The Corniche is the seafront promenade of Abu Dhabi, with a skyline of skyscrapers, parks and the beach. An almost deserted beach by the time we get there, no wonder. We make the superhuman effort of walking 10 minutes outdoors from a Mall at the food of the World Trade Center to step onto the sand. Just enough to dip our hand in the water, which feels, as we suspected, like soup, before moving on to take the bus toward Yas Island.
The skyline is better appreciated, actually, from the peninsula of Al Kasir or Al Lulu Island, which is just in front. Or at least it would be, without the haze. I imagine there are clear days with a good visibility.

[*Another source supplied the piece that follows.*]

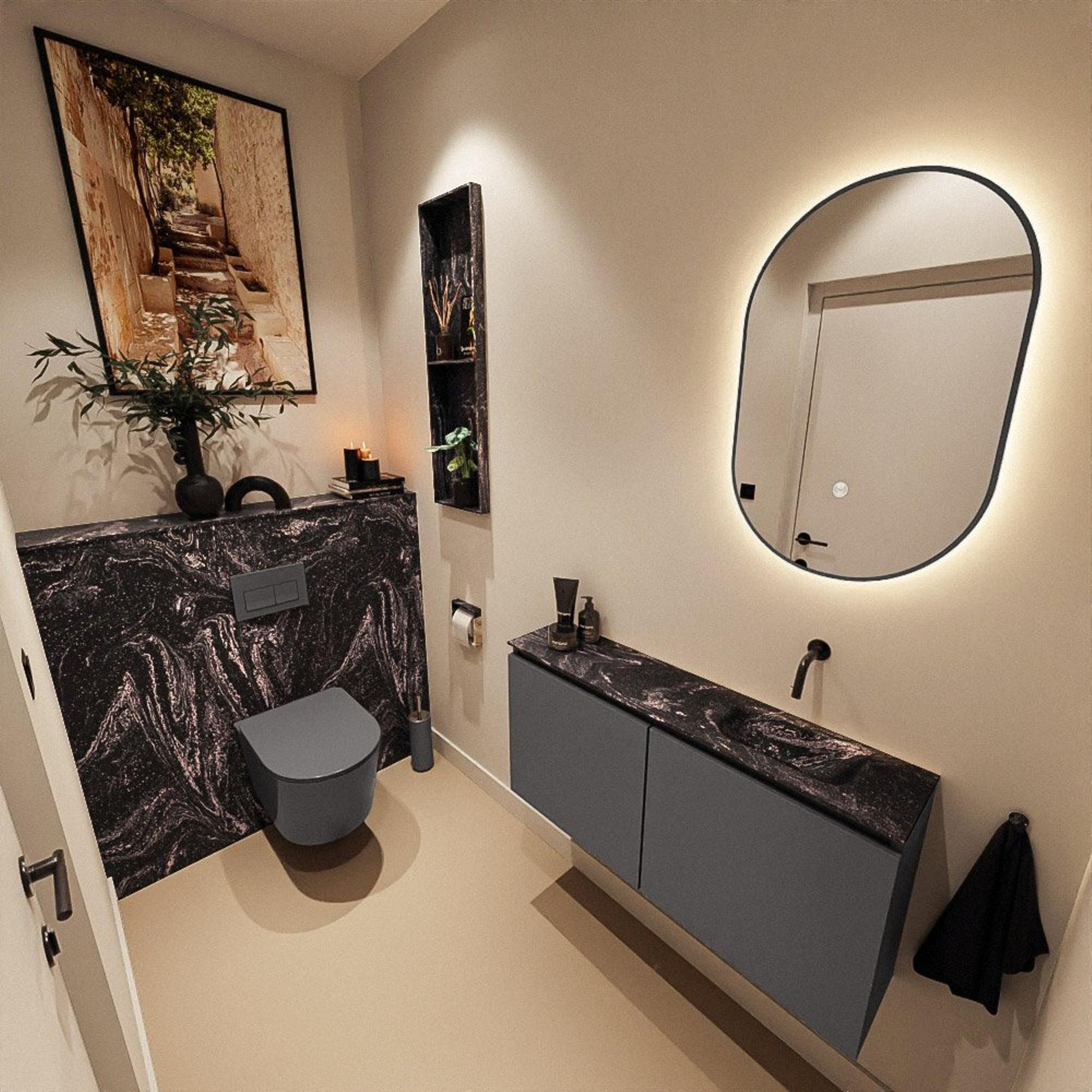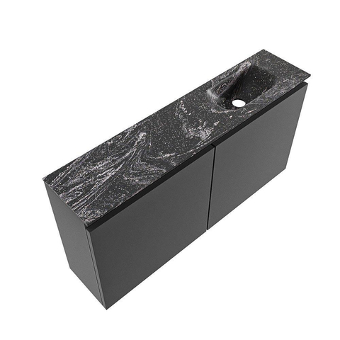 MONDIAZ TURE-DLUX 100cm toiletmeubel Dark Grey. EDEN wastafel Lava positie rechts. Zonder kraangat.

Here we find the theme parks of the city, like Ferrari World, Waterworld o the Warner park (which is actually an indoors park for obvious reasons). We have a different destination though. The Yas Marina F1 Circuit. The reason: Every Tuesday and Sunday from 6pm the track is open for cyclers, runners and walkers, for free. Bikes are also provided at no cost. You just need to register on the Circuit website to get the barcode that gives you access via mobile phone. It is really a massive event, with a festive atmosphere, where you find all sorts of people, from fully equipped bikers to families, to the occasional tourist on flight transfer, like us. My friend takes a bike, but the heat is too much for me and we have two flights to catch after this, so I just walk a bit. There is music and huge water dispensers to freshen up and to refill bottles – crucial as even when the sun is down, the minimum temperature there in summer is 30 degrees Celsius. And humidity is unforgiving. But it’s fun and I get to step on an F1 track. https://www.yasmarinacircuit.com/en/products/whats-on-track/trainyas/
After the bike ride we walk to the main road to take a taxi to the airport. The driver tells us he does not accept credit cards. We only have like 30 dirhams left from our day in the city but luckily our ride ends up costing 28.
Etihad Airways didn’t have a direct flight to Barcelona yet at the time, so we flew to Rome first, but this time we didn’t leave the airport.
Note: Etihad actually opened the BCN-AUH route just a few months later and funny enough I attended the inaugural ceremony at the Airport and also the first anniversary party one year later, where I received, as a gift, a model of a Dreamliner, like the one that took me and Dani to Rome after this day. I gave it to him, and it is still decorating his living room.